Referring to FIG.6, which shows a circuit block diagram for bitblt with clipping-in or clipping-out according to the first embodiment of the present invention. The circuit in the first embodiment of the present invention includes a processor 610, a graphical unit 620, a command engine 630, and a bitblt unit 640. In FIG. 6, the processor 610 is, for example, a computer's CPU (central processing unit).
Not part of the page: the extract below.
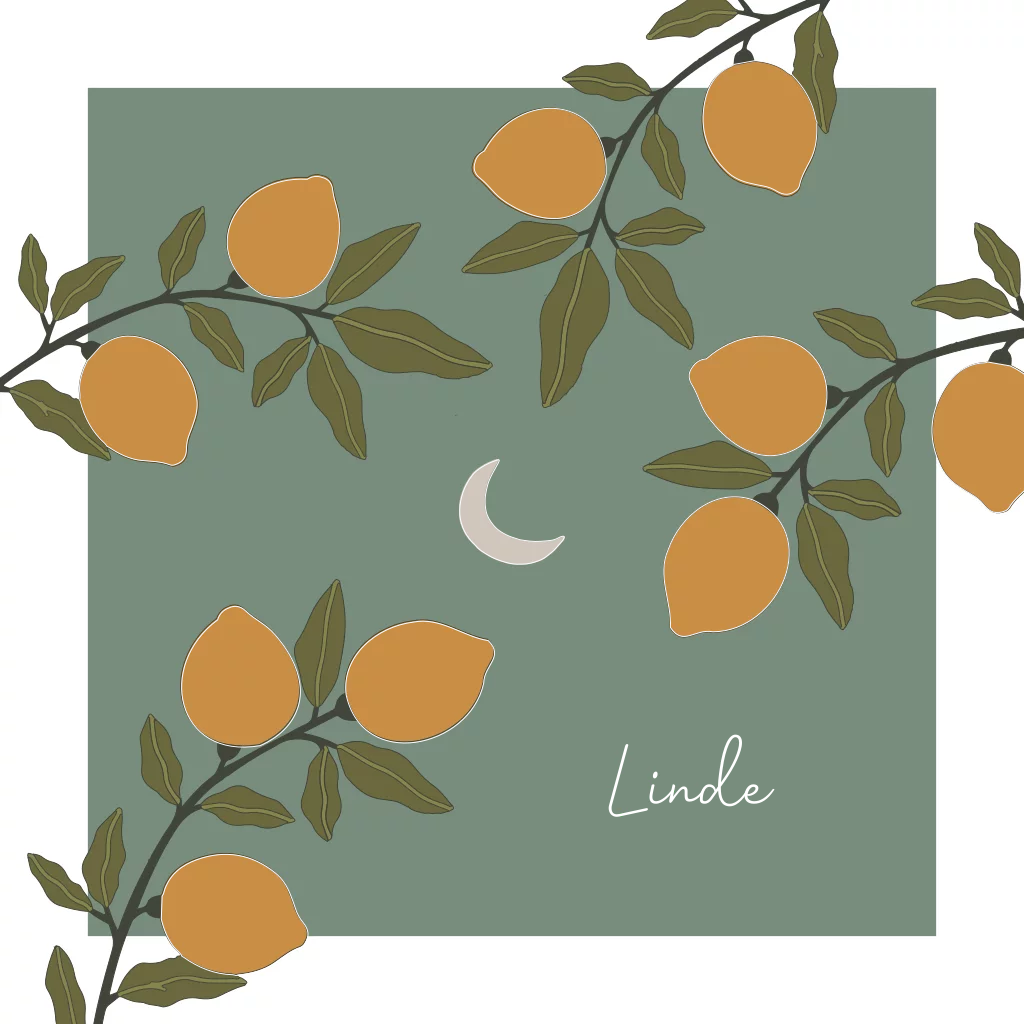 Dit geboortekaartje komt uit de collectie Happy Colors. De belijning van de citroenbomen, maantje en babynaam worden gedrukt in goudfolie.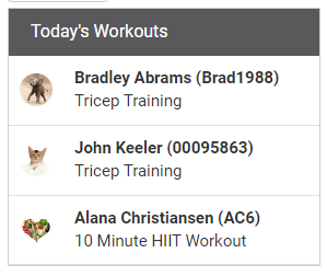Also on the Activity page is the Today's Workouts section that displays the workouts scheduled for your "subscribed" members for today. Read about how to add members to your subscriptions in this article.

The processor 610 is used to produce the commands and send the commands to the command engine 630. Once receiving the commands from the processor 610, the command engine 630 will multiplex, register, decode the commands, and then send the resultant parameters to the bitblt unit 640. The bitblt unit 640 then will perform the bitblt with clipping-in or clipping-out function based on the resultant parameters sent from the command engine 630. As such, the graphical unit 620 will display an image resulted from the bitblt with clipping-in or clipping-out function on a display (such as the computer's monitor).

It will be explained in the following descriptions about how the processor 610 is used to produce the commands. It can be known from the above analysis that the maximum number of the regions to be moved is 1 during bitblt with clipping-in and 4 during bitblt with clipping-out. Therefore, the depth of the command engine 630 is 4 (i.e. 4 buffer memories included therein) in the present embodiment, so that four commands can be stored therein in case 4 regions need to be bitblted. Furthermore, each of the commands is used for one region to be moved.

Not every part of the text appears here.